Ума не приложу. Значит, опять работай, опять зарабатывай на хлеб? Ужасно, не правда ли?
И вовсе не ужасно. На самом деле это легко. Это удивительно легко – тратить деньги. Даже, прямо скажем, просто. Тратишь деньги и не думаешь о работе. Приведенный расчет совершенно противоестествен.
Но самое приятное – это тратить деньги на подарки. Вообще тратить деньги на себя одного неинтересно, даже неприятно как-то. Стыдно, что ли. Дарить вот – хочется. Почему мы так редко дарим?
Нет больше денег – все вышли… Вот и хорошо, завтра на работу. Как раз хватило. Вот естественный ход мысли для здорового человека.
Конечно, оплата по труду, материальная заинтересованность – это неразделимо с трудом. И все-таки в нас по-человечески распадается: работа – одно, а деньги – другое.
Разные вещи.
Веселый человек
Я работаю с Толиком. Работать с ним легко. И жить с ним легко. Все он делает как-то без усилий, незаметно. И мне помогает. Поначалу ведь не все выходит так, как надо. Помогает он тоже незаметно.

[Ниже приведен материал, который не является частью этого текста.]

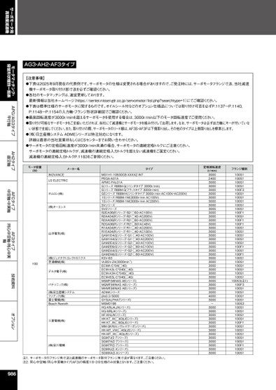 モータマッチング・容量形状種別一覧表APG/AG3タイプ平行軸AH2タイプ直交軸AFCタイプ中空軸・中実軸AF3タイプ同心中空軸・同心中実軸技術資料オプションサーボモータ用高精度減速機AG3・AH2・AF3タイプ【注意事項】●下表は2025年9月現在の代表例です。サーボモータの仕様は変更される場合がありますので、ご発注時には、サーボモータフランジ寸法、当社減速機サーボモータ取り付け部寸法を必ずご確認ください。●各社のモータマッチングは、適宜更新しております。最新情報は当社ホームページ(https://sentei.nissei-gtr.co.jp/servomotor/list.php?searchtype=1)にてご確認ください。●下表は標準仕様のサーボモータに関するものです。オイルシール付などのオプション仕様品については取り付け可否を必ずP.1137~P.1140,P.1148~P.1154の入力軸・フランジ形状詳細図でご確認ください。●最高回転速度が3000r/minを超えるサーボモータを使用する場合は、3000r/min以下のモータ回転速度でご使用ください。●取り付け可能なサーボモータをご支給いただければ、当社にて減速機とサーボモータを組み付けして出荷します。なお、サーボモータは必ず出力軸にキーが付いていない状態で支給してください。また、取り付けの際、サーボモータのリード線は、AF3S・AF3Fは下側取り出し、その他のタイプは上側取り出しを標準とします。●(株)日立産機システムADMEシリーズは特注対応になります。詳細は最寄の当社営業所もしくはCSセンターまでお問い合わせください。●サーボモータの定格回転速度が3000r/min未満の場合、サーボモータの連続定格トルクにご注意ください。サーボモータの連続定格トルクが、減速機の連続定格入力トルクを超えない減速機をご選定ください。減速機の連続定格入力トルクP.1183をご参照ください。モータ容量(W)メーカー名INOVANCELSELECTRICオムロン(株)(株)キーエンス山洋電気(株)(株)ジェイテクトエレクトロニクス芝浦機械(株)100デルタ電子(株)パナソニック(株)(株)日立産機システムファナック(株)富士電機(株)BoschRexroth三菱電機(株)(株)安川電機タイプMS1H1-10B30CB-XXXXZ-INTPEGA-A01AAPMC-FAL01AGシリーズR88M-G(シリンダタイプ3000r/min)GシリーズR88M-G(フラットタイプ3000r/min)G5シリーズR88M-K(シリンダタイプ3000r/minAC100V・AC200V)1SシリーズR88M-1M(3000r/minAC100V)1SシリーズR88M-1M(3000r/minAC200V)SVシリーズSV2シリーズR2EA06(Rシリーズ・R2・□60・AC100V)R2AA04(Rシリーズ・R2・□40・AC200V)R2AA06(Rシリーズ・R2・□60・AC200V)R2GA06(Rシリーズ・R2・□60・AC48V)R1AA04(Rシリーズ・R1・□40・AC200V)R1EA04(Rシリーズ・R1・□40・AC100V)GAM1E4(Gシリーズ・G1・□40・AC100V)GAM1A4(Gシリーズ・G1・□40・AC200V)GAM2E4(Gシリーズ・G2・□40・AC100V)GAM2E6(Gシリーズ・G2・□60・AC100V)GAM2A4(Gシリーズ・G2・□40・AC200V)GAM2A6(Gシリーズ・G2・□60・AC200V)KSV-B3VLBSV-ZA(3000min-1)ECMA-C*04(□40)ECM-A3L-C*040(□40)ECM-A3H-C*040(□40)ECM-B3L-C*040(□40)MSMF(MINASA6シリーズ)MQMF(MINASA6シリーズ)MHMF(MINASA6シリーズ)ADMAシリーズβis0.3/5000GYS(ALPHA7シリーズ)MSM019BHG-KR(J4,JNシリーズ)HG-MR(J4シリーズ)HF-KN(JNシリーズ)HK-KT_W(□40)(J5シリーズ)HK-KT_W(□60)(J5シリーズ)MM-GKR(センサレスサーボシリーズ)HK-MT_VW(□40)(J5シリーズ)HK-MT_W(□40)(J5シリーズ)SGM7J(Σ-7シリーズ)SGM7A(Σ-7シリーズ)SGM7P(Σ-7シリーズ)SGMXJ(-Xシリーズ)SGMXA(-Xシリーズ)注1.サーボモータのフランジ角寸法と減速機のサーボモータ取付フランジ角寸法が異なります。ご注意ください。注2.同心中空軸/同心中実軸タイプ(AF3)の精度1分・3分仕様のみ対象となります。ご注意ください。986定格回転速度(r/min)3000240030003000300030003000300030003000300030003000300030003000300030003000300030003000300030003000300030003000300030003000300040003000-3000300030003000300030003000300030003000300030003000フランジ種別100S1100S1100S1100S1100F3100S1100S1100S1100S1100S1100F1100S1100F1100F1100S1100S1100S1100S1100S1100F1100S1100F1100S1100S1100S1100S1100S1100S1100F3100S1100S1100S1100S1100S3100S1100S1100S1100S1100F1100S1100S1100S1100S1100S1100F1100S1100S1100S3(注1)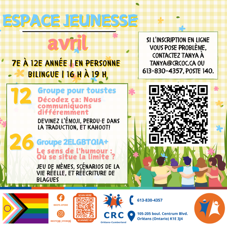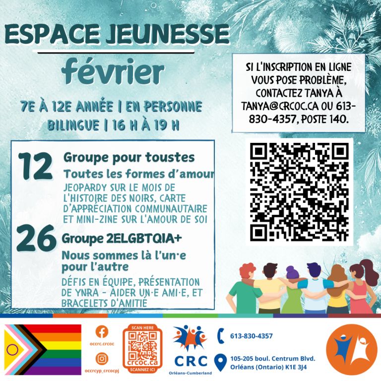 Le thème de février sera : L’AMOUR AU-DELÀ DE LA ROMANCE! L’amour ne se limite pas aux relations amoureuses. Joignez-vous à nous pour explorer l’amour de soi, l’entraide communautaire, l’amitié, l’empathie et le soutien mutuel, tout en développant des compétences pratiques pour créer des liens, renforcer la confiance en soi et améliorer le bien-être émotionnel.

Толик видел в жизни разное. Всякое.
И все его взлеты и падения, казалось, оставляли в нем только след мудрости – а сожаления, зависти, ревности (что вот не достиг, не так сложилась жизнь) в нем не было.
Он говорил:
– Жизнь я прожил по-хорошему…
Или:
– Не понимаю, чего это вам ссориться, что вы мрачные такие… Веселее надо. Вот я – веселый человек.
Или:
– Шутить надо больше. В этом огромная наша беда – мало мы шутим. Легче надо. И веселее. Вот я – человек веселый…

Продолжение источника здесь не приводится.